When President Barack Obama first visited Elkhart, Indiana, in March 2009, the county’s unemployment rate had just spiked to 18.9 percent—the highest in the country.

Pointing to those numbers at the time, Obama urged Congress to pass an $800 billion economic stimulus package to keep the nation from slipping further into a recession “we may be unable to reverse.”

Seven years later, the town and surrounding county “look considerably better,” says Elkhart’s new mayor Tim Neese, a Republican. Unemployment has dropped to around 4 percent, manufacturing has returned, and help wanted signs are everywhere, he said.

On Wednesday, Obama will return to the rejuvenated district to highlight what he considers one of his administration’s greatest success stories. “The story of Elkhart’s recovery is the story of America’s recovery,” the president said in a statement.

But some Hoosier business leaders, local lawmakers and analysts tell The Daily Signal that the state did the majority of the heavy lifting.

In advance of the president’s visit on Tuesday, Sen. Dan Coats, (R-IN) cautioned that the visit “shouldn’t be about glad-handing, but should instead be a celebration of Elkhart’s strong work ethic and renewed economic success.”

In a statement to The Daily Signal, Coats said he hopes that Obama “also acknowledges the pro-growth policies pursued by the state of Indiana, which have made our state one of the nation’s economic success stories.”

The leader of Indiana’s state Senate put the situation in starker terms. “What’s happening in Elkhart isn’t because of the federal government, it’s despite it,” said Sen. David Long, the ranking Republican in the state Senate who represents the neighboring Fort Wayne area.

The recreational vehicle industry “dominates” the Elkhart economy, explained Jerry Conover, director of the Indiana Business Research Center at Indiana University. The professor said that more than half of area jobs, about 60,000, come from the industry.

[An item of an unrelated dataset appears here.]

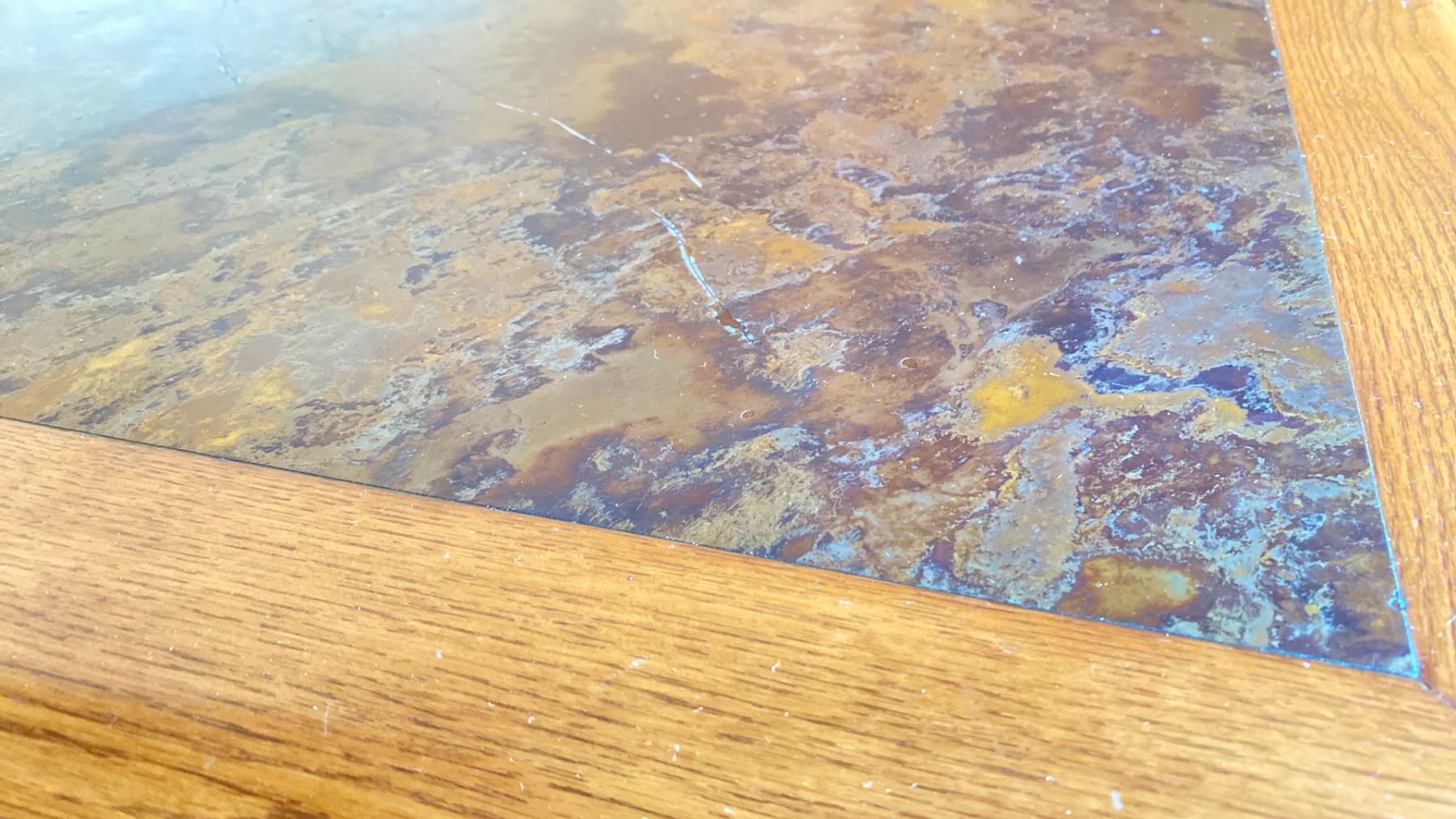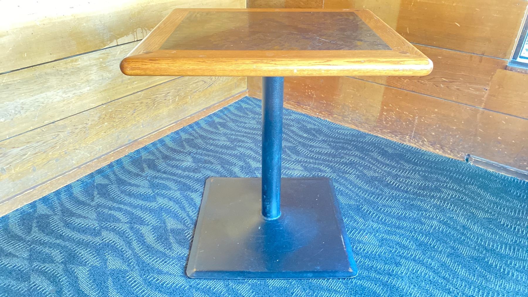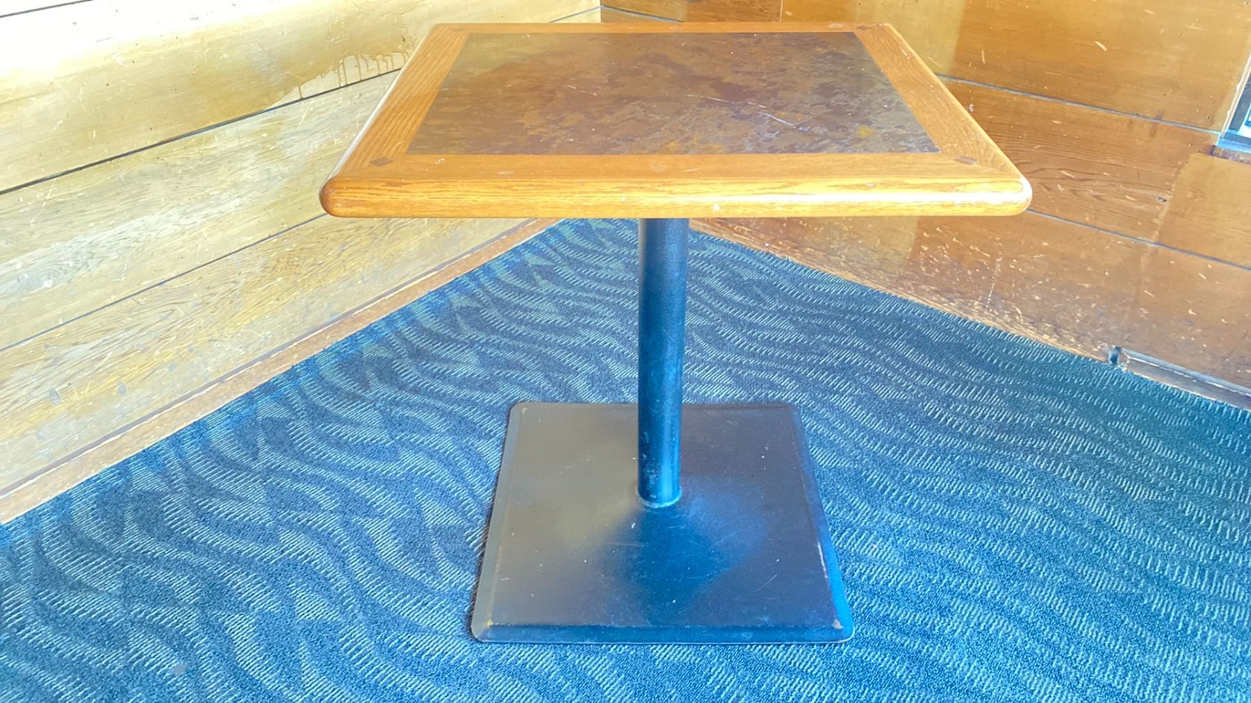 OAK TWO TONE TABLE WITH BLACK METAL PEDESTALS APPROX 28  L X 24  W X 29   H

Known as the “RV Capital of the World,” reliance on that business makes Elkhart subject to dramatic swings and shifts in the market, Conover explains. In 2009, when the economy started to slump, unemployment spiked.

In response, the Obama administration pushed Elkhart to diversify its industry and promised millions of dollars of grants to jumpstart an electric car industry specifically. With a $39.2 million federal grant, officials at Navistar Inc. predicted they could create 700 jobs.

“That was not nearly as successful as we had hoped,” Neese noted: Navistar Inc. and similar electric car ventures came to a halt shortly afterward.

“The only thing [Obama] promised was to come in and transform a lot of these jobs into electrical vehicle jobs and they were going to reinvent the Elkhart economy,” Long said. “There’s nothing to show for it.”

Asked about other attempts to spur growth, Conover said he couldn’t “really recall anything specific to the RV industry” from the federal stimulus. He did note that more general infrastructure projects probably created jobs and put some “money in local cash registers.”

Now that the town has turned around though, Obama credits the revival to “the choices we made as a nation.” But Republicans argue that slashing corporate and individual income taxes along with streamlining regulation made the change possible.

Under Gov. Mike Pence, a Republican, tax rates fell by half a percentage point in 2016 for the fourth consecutive year from 7 percent to 6.5 percent, in order to create an attractive tax environment for companies.

Mark Dobson, the president of the Economic Development Corporation of Elkhart County, credits the revival to coordination between state lawmakers and the local business community.

In the Indianapolis capital, Hoosier lawmakers are “excelling by setting a table in a very favorable fashion for growth,” he said. And in the manufacturing district in Elkhart, leaders and workers united to “do a phenomenal job returning from the downturn.”